Definition Of

11 Features of A Central Bank

The features or nature of central bank

”A central bank being generally recognized as a bank which constitutes the apex of the monetary and banking structure of its country and which performs as best as it can, in the national economic interest.”

-- Prof. M. H. DE Kock

The significance of a central bank lies in its function of managing the monetary system of the country, internally as well as externally. By the nature of its business, the central bank is intimately connected with the banking system and money market of the country and can definitely regulate the monetary system of country in the general interest of the nation.


The Features of Central Bank:

The features or natures of central bank are as follows -

  1. Single Organization:

In a country there has only one central bank exist. In the world, there has been no existence of two or more central bank in any country. So central bank can be called as single organization. For this reason, it does not require to compete with other banks.

  1. Legal entity:

Central bank is established by the special act of Government. As a result, legal entity of central bank is much more strong than other banks. This strong legal entity gives special privilege to other banks.

  1. Nature ownership:

The ownership of central bank can be fully government or joint venture of government and private ownership. But the reality said that government owned central bank is maximum in the world.

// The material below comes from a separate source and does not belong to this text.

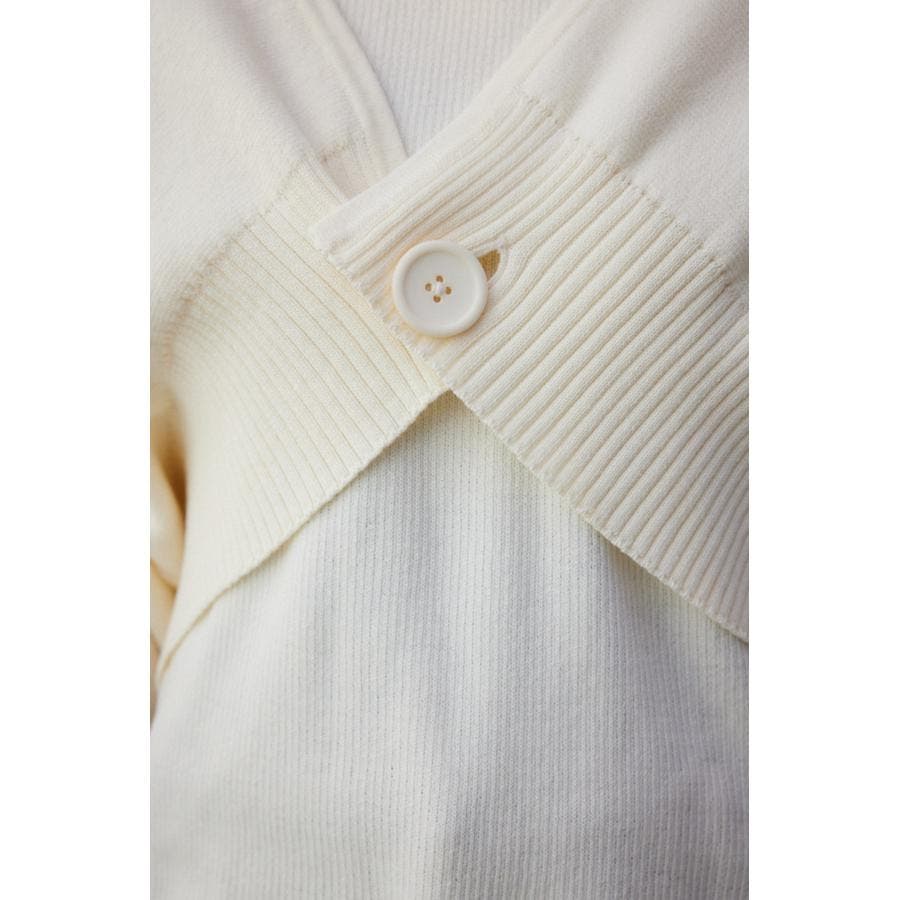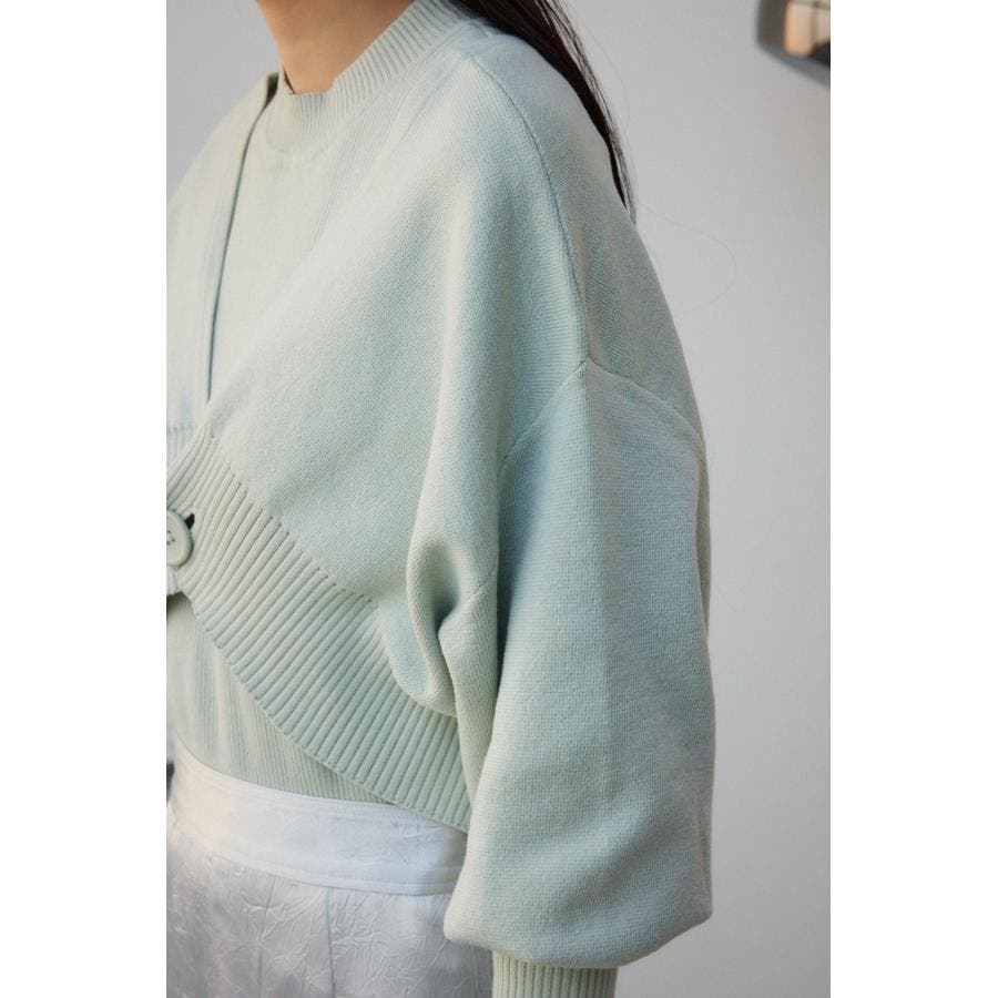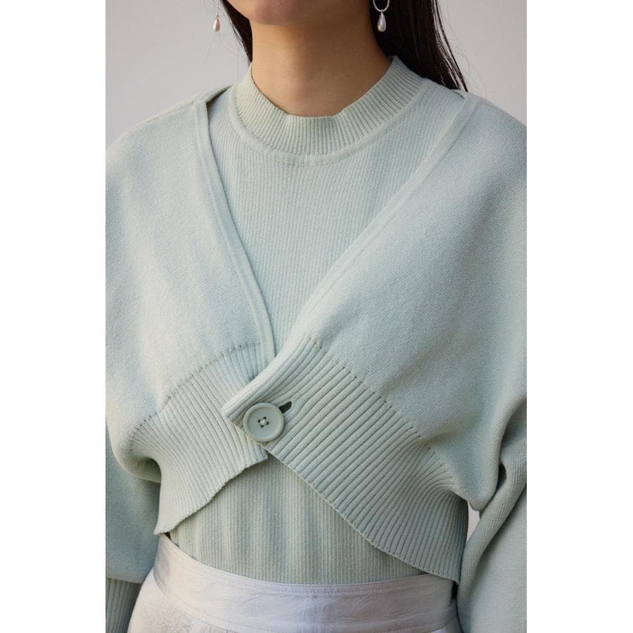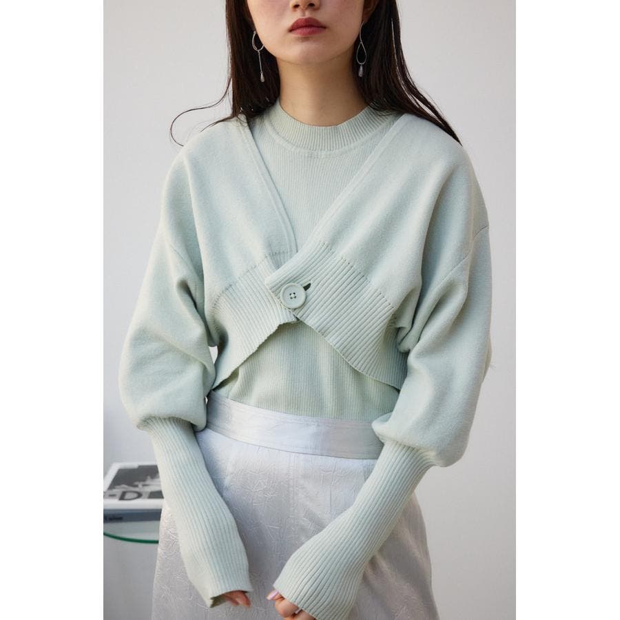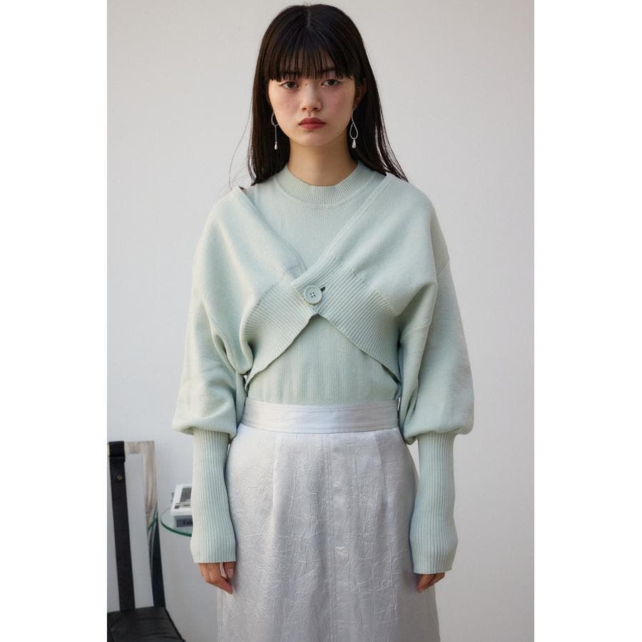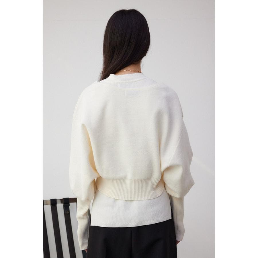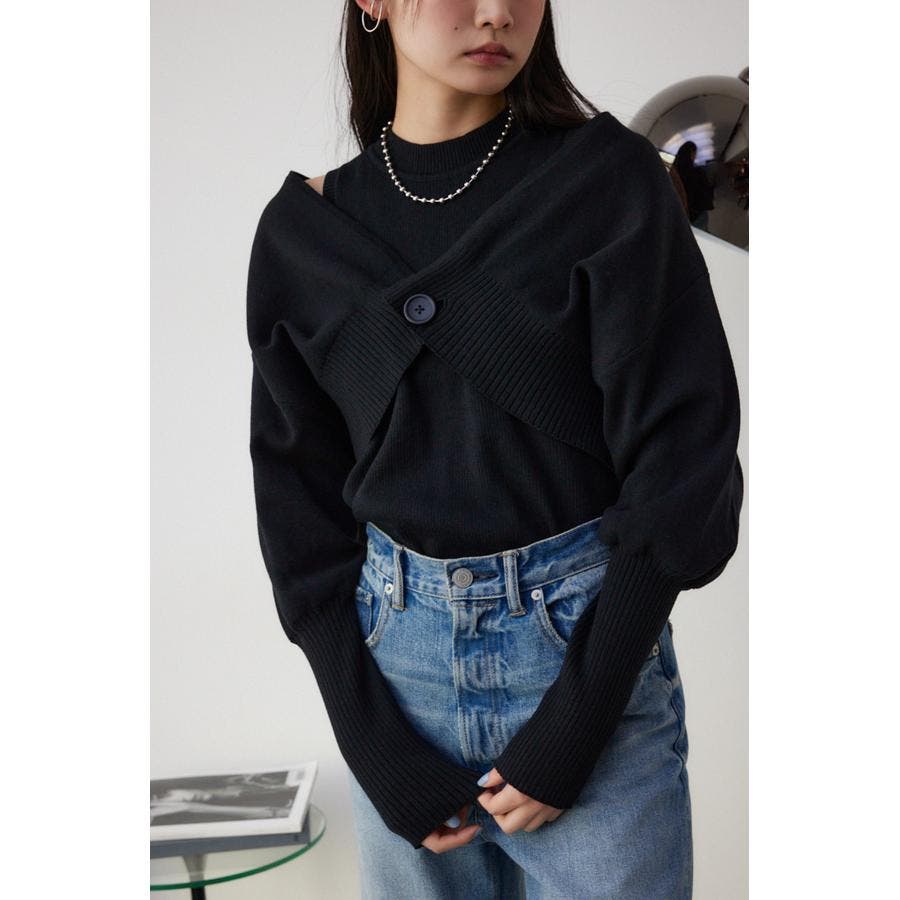 ・インナーのニットタンクはアメスリに近い形にすることで、アンサンブルで着用したときに、ちらっと肩が見えるデザインになっています。肩幅のサイズによって見えない場合もあるので、その場合はカーディガンを抜いて着用するのがおすすめです。

  1. Difference in objective:

Because the operations of the central bank are such as profoundly to affect the monetary and credit situation, they cannot be undertaken solely for the purpose of making profit. The profit motive should only be a secondary consideration, and not the primary motive for central banking operations.

  1. Note issue:

The issue of note is the most important function of a central bank. In fact, the practical experience shown that the central bank is the most suitable and appropriate medium for the issue of note.

  1. Control:

In the present century, central bank has become as part of the economic set up in a country. All over the world, Central bank is under the control of government particularly it has been work under the direction of department of finance or treasury.

  1. Relation with Govt.:

The central bank is closely related to the government as its banker and the financial adviser. It is generally an organ of the government and performing the banking operations of government. Central bank represents the government not only in country but also the outside of the country as well.

  1. Guardian of the money market:

An effective monetary management requires a centralized country over both currency and credit. Being in close and intimate contact with the money market a central bank is in a position to know best when and to what extent to expand or to contract currency and credit to meet the changing requirements of the money market.

  1. Banker and controller of other banks:

The central bank functions as a banker’s bank. It also controls and regulates the cameral bank and other financial institutions. For effective control central bank prescribes different rules and regulations and it is mandatory to maintain these rules by other banks.

  1. Lender of the last Resort:

As a lender or the resort central bank provides rediscounts and advances to the commercial banks in times of credit stringency. It also gives loan to the govt. when requires.

  1. Controller of Foreign Exchange:

The central bank maintains the foreign exchange reserves of the country and attempts to stability in the exchange rates.